Hanya saja, Yohan tidak membuat kemajuan sama sekali meski telah berlatih selama 6 bulan terakhir.

Satu jam kemudian, Melia pulang dan mulai memasak.

Tidak lama setelah itu, tercium bau harum masakan.

Yohan berhenti berlatih dan berjalan ke arah dapur.

Dia melihat Melia yang memasak dengan serius.

Pemandangan ini sangat menyentuh hati.

Tidak diragukan lagi, Melia adalah gadis yang sangat baik hati dan cantik.

Gadis lain seusianya saat ini pasti masih sibuk belajar, tetapi dia harus memikul beban hidup.

"Kak Yohan, kenapa kamu ada di sini? Dapurnya penuh dengan asap, tunggu saja di luar."

Yohan menggelengkan kepalanya, "Nggak apa-apa. Melia, apa kamu nggak kuliah?"

Melia tampak sedikit murung, "Aku diterima di Universitas Jigara, tapi ...."

Tanpa diberi tahu pun Yohan mengerti apa penyebabnya.

Yohan berpikir bahwa ketika 400 miliar miliknya sampai di rekening banknya, dia bisa menggunakan sebagian uang itu untuk membayar uang kuliah Melia.

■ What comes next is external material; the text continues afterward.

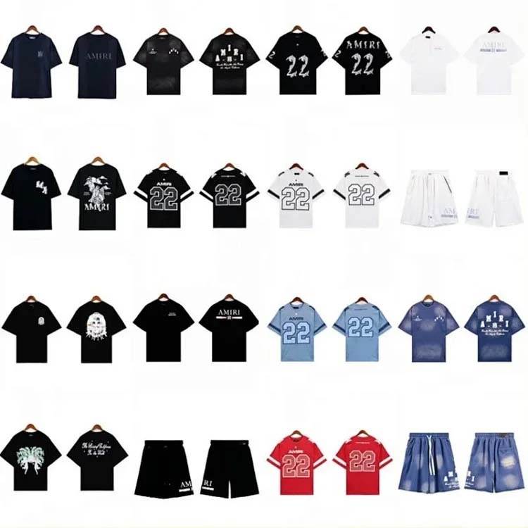 AMIRI New logo number 22 washed retro couple trendy sports 5-point shorts suit-1916

Akan sangat disayangkan kalau gadis sebaik itu tidak kuliah.

Heri baru saja sembuh dari penyakit kronisnya dan belum bisa makan makanan yang terlalu berminyak.

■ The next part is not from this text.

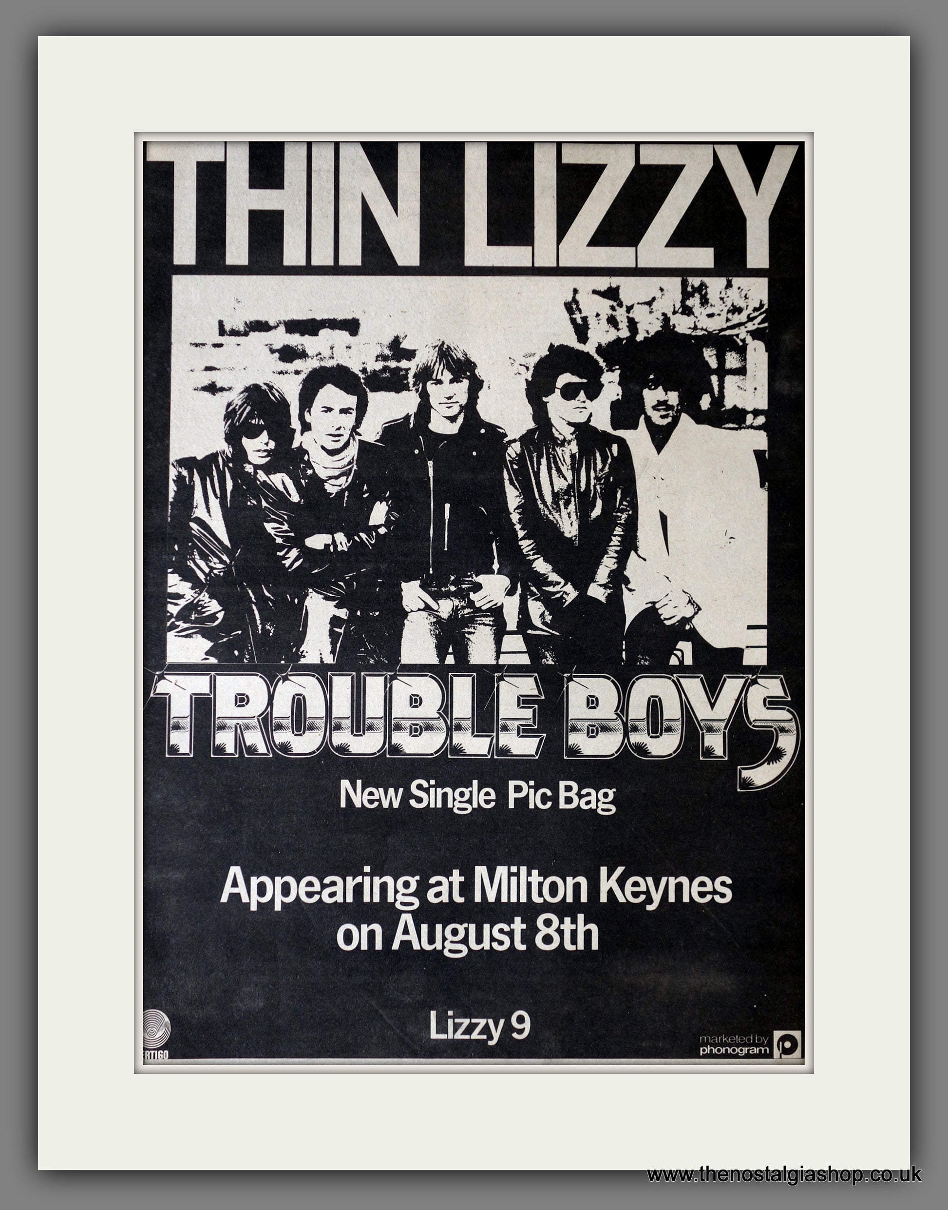 Thin Lizzy. Trouble Boys. This is a large classic Original advert 1981. Presented in cream bevel cut mount with backing card and clear bag. Ready to fit in 20 x 16 inch frame. The mounted advert will be posted via courier and well packed - protected with a sheet of hardboard to keep it rigid. Any questions or enquiries, please get in touch, we are here to help! All our adverts, unless clearly stated are Originals from the date shown. They make excellent pieces of wall art and stunning gifts. Many are rare and hard to find and once sold, may not be replaced. Remember you are buying a piece of history. Website watermark is not on original. Phil Lynott. Gary Moore, Scott Gorham, Brian Robertson, Eric Bell, Brian Downey, John Sykes.

Oleh karena itu, Melia membuatkannya bubur daging tanpa lemak.

Di meja makan, Melia membuka dua kaleng bir untuk setiap orang.

"Kak Yohan, aku menghormatimu dan berterima kasih karena telah menyelamatkan ayahku."

Setelah mengatakan itu, dia mengambil bir dan meminumnya.

Alisnya yang indah mengerut, terlihat jelas dia tidak tahu cara minum bir.

Sebelum Yohan bisa mencegahnya, dia telah meminum setengahnya.

Usai bersendawa, wajahnya memerah hingga membuat orang gemas saat melihatnya.

"Kamu nggak perlu memaksakan diri untuk minum bir."

"Nggak apa-apa, hari ini aku sangat senang." Melia membawakan hidangan untuk Yohan. "Cobalah tiram ini."

Melia memasak banyak masakan, semuanya bermacam-macam dan sangat enak.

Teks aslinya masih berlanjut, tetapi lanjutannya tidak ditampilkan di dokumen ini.